**Task description**
In the material below, find the span from the line with "Sweet vintage bride" to the line with "Family Medicine Physician" and transcribe only those lines, exactly, ends included, without the pictures.
(Beginning of Material provided)
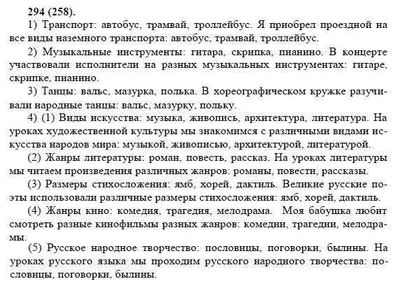 Решения домашних заданий по русскому языку 8 класс Бархударов С.Г. 294(258) упражнение
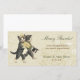 Sweet vintage bride cat holds a white rose wedding bouquet and Groom cat struts beside her with his black top hat. Ivory floral background. Card is accented with a satin ribbon. Customise these wedding thank you photo cards to show your appreciation for their gift.
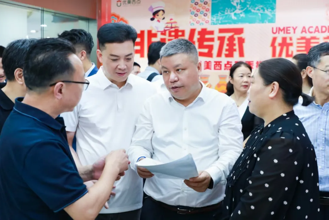 5月23日,长沙市政协主席陈刚率专项调研组莅临优美西点烘焙教育长沙院校,实地考察职业教育产教融合工作。调研组一行深入教学实训基地,详细了解优美西点在技能人才培养、校企合作模式创新等方面的实践成果,对优美西点教育品牌构建"培训-认证-就业"闭环体系给予高度评价。
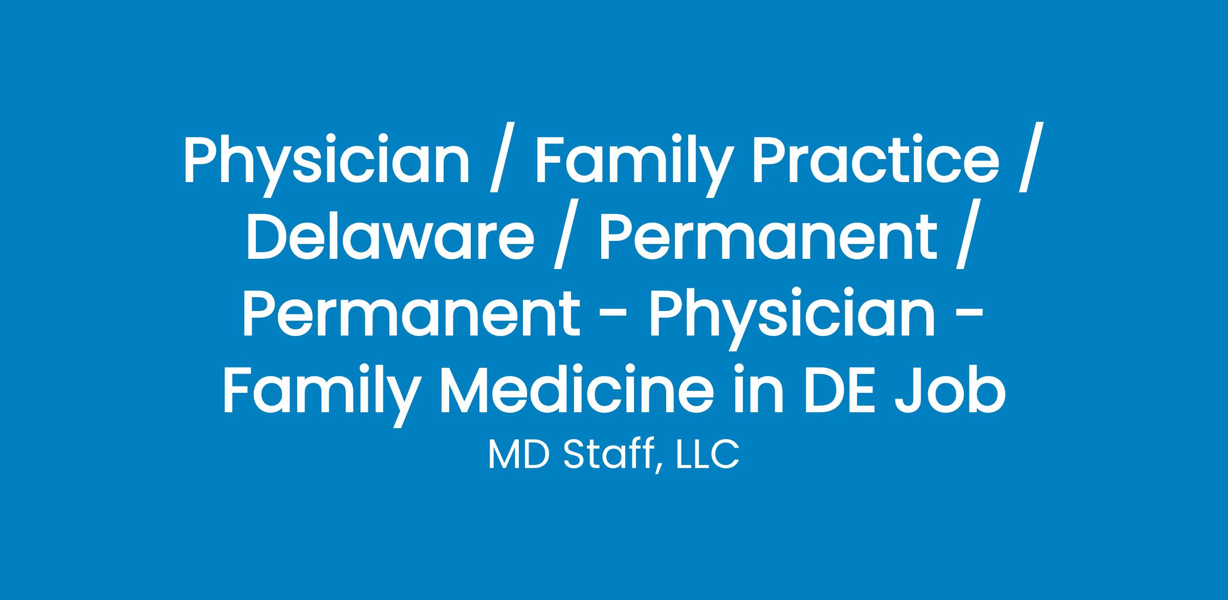 Family Medicine Physician Opportunity Near Delaware City, DE
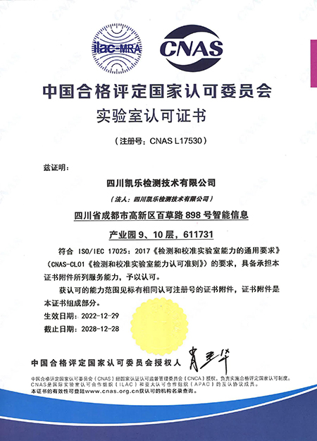 凱樂檢測認(rèn)證集團具備檢驗檢測機構(gòu)資質(zhì)認(rèn)定(CMA)、實驗室認(rèn)可(CNAS)資質(zhì),目前通過CMA的包括理化綜合、重金屬、農(nóng)藥殘留有機物、獸藥殘留有機物、微生物、物理、輻射等檢測指標(biāo)近4000項,涉及環(huán)境檢測領(lǐng)域的水和廢水、環(huán)境空氣和廢氣......
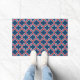 Blue and Red Moroccan Trellis, Lattice, Quatrefoil Doormat
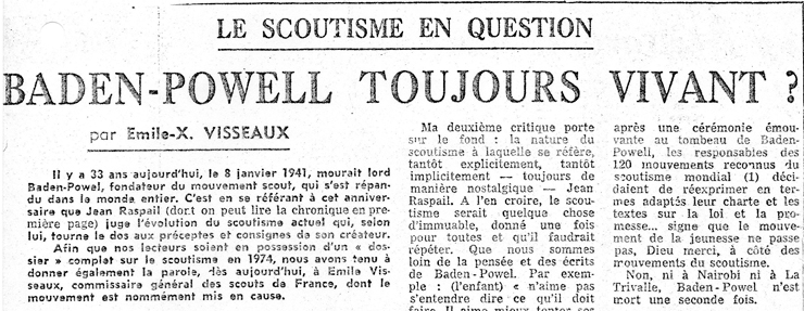 – sur le fond, et c’est tout aussi fondamental, Visseaux s’en prend à la conception du scoutisme exposée par Raspail : « À l’en croire, le scoutisme serait quelque chose d’immuable, donné une fois pour toutes et qu’il faudrait répéter. Que nous sommes loin de la pensée et des écrits de Baden-Powell ! » Ici encore, c’est une affirmation forte : le scoutisme, pour être fidèle à l’esprit de son fondateur, doit être capable de prendre conscience d l’évolution de la société et, en particulier, des besoins des jeunes.
(End of Material provided)
**Result of the task**
 Sweet vintage bride cat holds a white rose wedding bouquet and Groom cat struts beside her with his black top hat. Ivory floral background. Card is accented with a satin ribbon. Customise these wedding thank you photo cards to show your appreciation for their gift.
 5月23日,长沙市政协主席陈刚率专项调研组莅临优美西点烘焙教育长沙院校,实地考察职业教育产教融合工作。调研组一行深入教学实训基地,详细了解优美西点在技能人才培养、校企合作模式创新等方面的实践成果,对优美西点教育品牌构建"培训-认证-就业"闭环体系给予高度评价。
 Family Medicine Physician Opportunity Near Delaware City, DE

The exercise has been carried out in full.